Though worlds apart, Patsy and her daughter face struggles that similarly juxtapose harsh social context and travails of the heart. Yet neither of Dennis-Benn’s characters ultimately views herself as a victim. Back in Jamaica, Tru doesn’t neatly conform to the kinds of femininity she sees around her and finds herself stranded among her peers. And in New York, Patsy is forced to reflect on the sense of limitation that drove her away from home. “She was never given the choice to say no the first time her legs were pried open,” Dennis-Benn writes of Patsy early in the novel. “Never given a choice to look at another woman and allow herself to be carried by the feeling,” without fearing a violent attack. Patsy didn’t choose to become a mother—abortion is illegal in Jamaica, so her desire for motherhood was never a part of the equation. Yet Tru is not simply an unwanted burden. As Patsy gears up to go to New York, telling her daughter of her plans becomes an occasion for a hard reckoning with the costs of going after love—a chance to feel the power of making choices from a place of passion, not fear.

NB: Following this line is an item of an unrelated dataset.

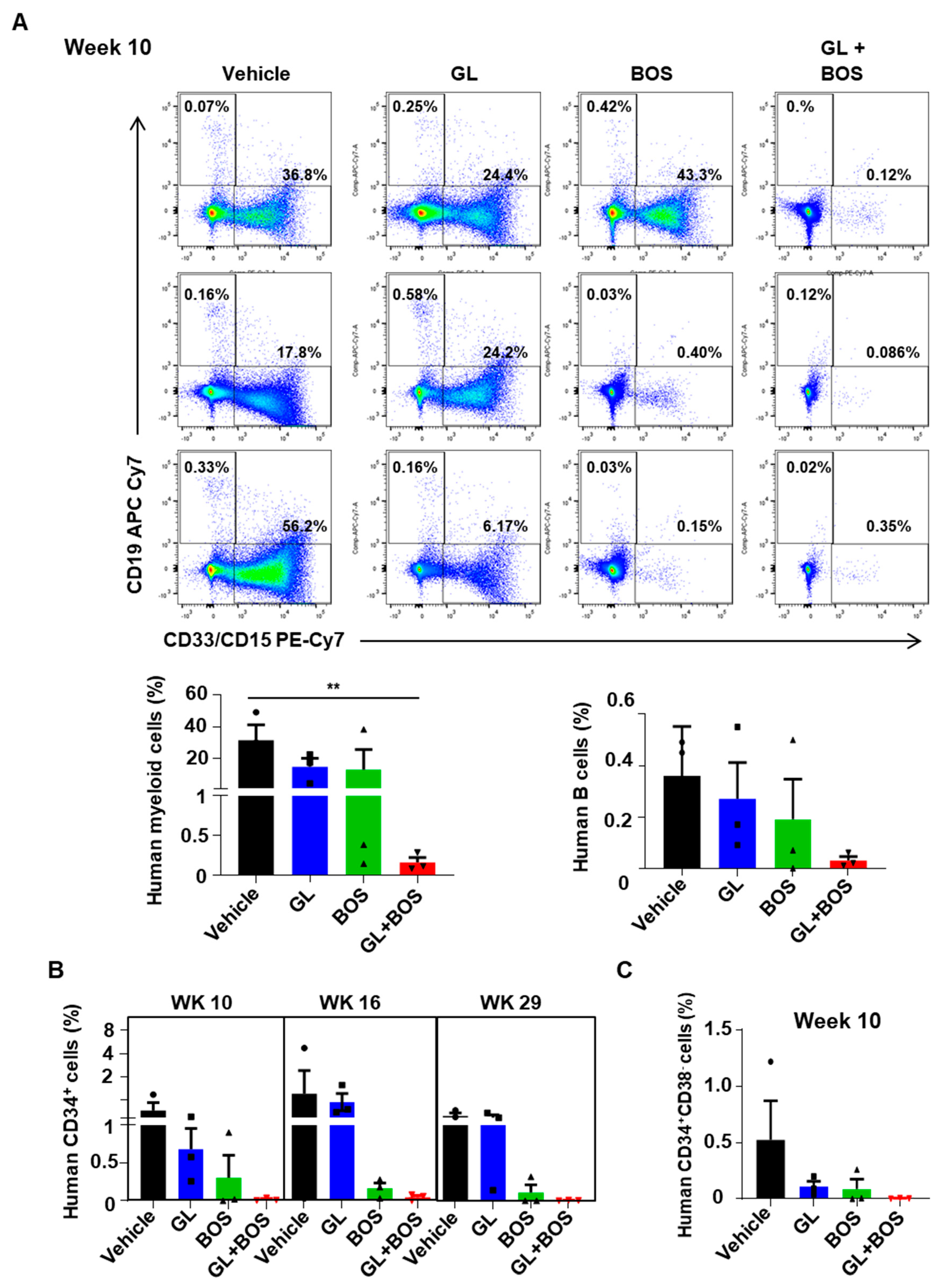 3.6. Dual Inhibition of SMO and BCR-ABL1 in CD34+ Stem/Progenitor Cells Resulted in Reduced Engraftment of Leukemic Cells in a Patient-Derived Xenotransplantation (PDX) Model

Patsy wants to see this escape as a form of freedom for Tru as well. It means not saddling her daughter with the weight of her own dreams or the anxiety of unrealized ambitions. “The absence of a mother is more dignified than the presence of a distant one,” Patsy rationalizes when thinking about the decade that she let go by before reaching out. But after a much-delayed attempt at contacting her daughter ends catastrophically for Tru, Patsy has to answer for keeping her distance. The beginning of their hesitant reconciliation holds unexpected promise: Tru seems en route to becoming the change in their community that her mother sought, ultimately with no input from Patsy at all. And Patsy finally finds a foothold in a place where she can fully love whom she wants.
In the end, Dennis-Benn gives her characters the dose of happiness and self-assurance that many stories about social ills refuse women like them. She does that without facilely wishing away the big issues—racism, homophobia, gender, classism—that her novel tackles. Patsy is a portrait of black queer women grasping for self-determination, and a challenge to the conventions of what is expected of good mothers and good women and good immigrants. Tru’s inheritance from Patsy isn’t years of doting or gifts from America, but instead the permission to thrive in a society that will always threaten to crush her will and desire. In writing beautifully about that unending struggle, Dennis-Benn finds a way to extend to black girls and women some of the love that the world may never offer.